Over the course of an hour, a shared scone, and two hot chocolates (neither of us were coffee drinkers, which made my offer of the coffee shop for a meeting place seem ridiculous), Clarence became less player-in-the-drama-I’d-made-of-Vandenberg and more person—only child, Vermonter, oboe prodigy. He told me about the best friend he’d ever had, Lucian Warren, who’d been claimed by leukemia three summers ago. He told me about his dream o
f working for the refugee services division. He told me about his suspicion that Christopher Jordan, whose dorm room neighbored his in Slone House, was a marijuana user. By the end of our hot chocolates, I felt sure that I loved him—a familial love, a love I thought I’d forgotten how to feel. A love without complications.
“You know you can always ask me if you need anything,” I told him. “That I’m here if you need me.”
“I know,” he said, while his face revealed his surprise at the offer. He looked at me, then put the lip of his empty cup to his mouth, pretending to drink. I knew he felt the lopsided nature of our sharing but understood as well as I did that he wasn’t to be my confidant. I was the big sister; it was my job to collect his secrets and hold them safe, his to offer them and pretend I didn’t have any secrets of my own.
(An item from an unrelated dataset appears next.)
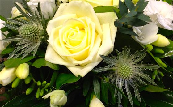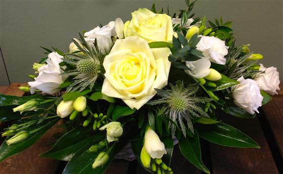 A traditional basket arrangement in creams and whites including roses, lisianthus and scented freesias.
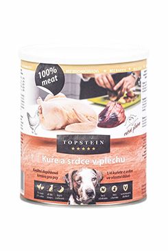 Masová konzerva pro psy s obsahem 95 % hrubě namletého kuřete a s 5 % rýže bez přidané želatiny, konzervantů, dochucovadel, barviv či stabilizátorů.

I didn’t want Clarence to know my secrets. I liked myself in his eyes: sage, straightforward, beyond reproach or blame.
* * *
Dale asked me to stay after class on Friday, and I almost thought to leave anyway, to pretend to have not heard him or forgotten. By then the idea of Dale’s dirty, empty apartment disgusted me; as lonely as I was, a relationship with Dale was never something I fantasized about, never a source of excitement or arousal. Men scared me, I realized—their desires and experiences were too foreign to me. I could never gratify one and would never—at least any time soon, it seemed to me—understand one.
“Imogene.” He was unusually somber as he waved me over to his desk. I sat in the chair across from him, wishing the last student out had left the door open.
“Hi,” I said; it came out shrill.
“Hi.” His voice fell flat, a deflated ball thudding on the pavement. “Imogene, there’s something I need to talk to you about.”
I willed myself to relax, to appear comfortable. I made my eyes wide as though he had never touched my thigh or said he couldn’t talk to a girl who looked like me.
“You’re being transferred to another teacher next semester.”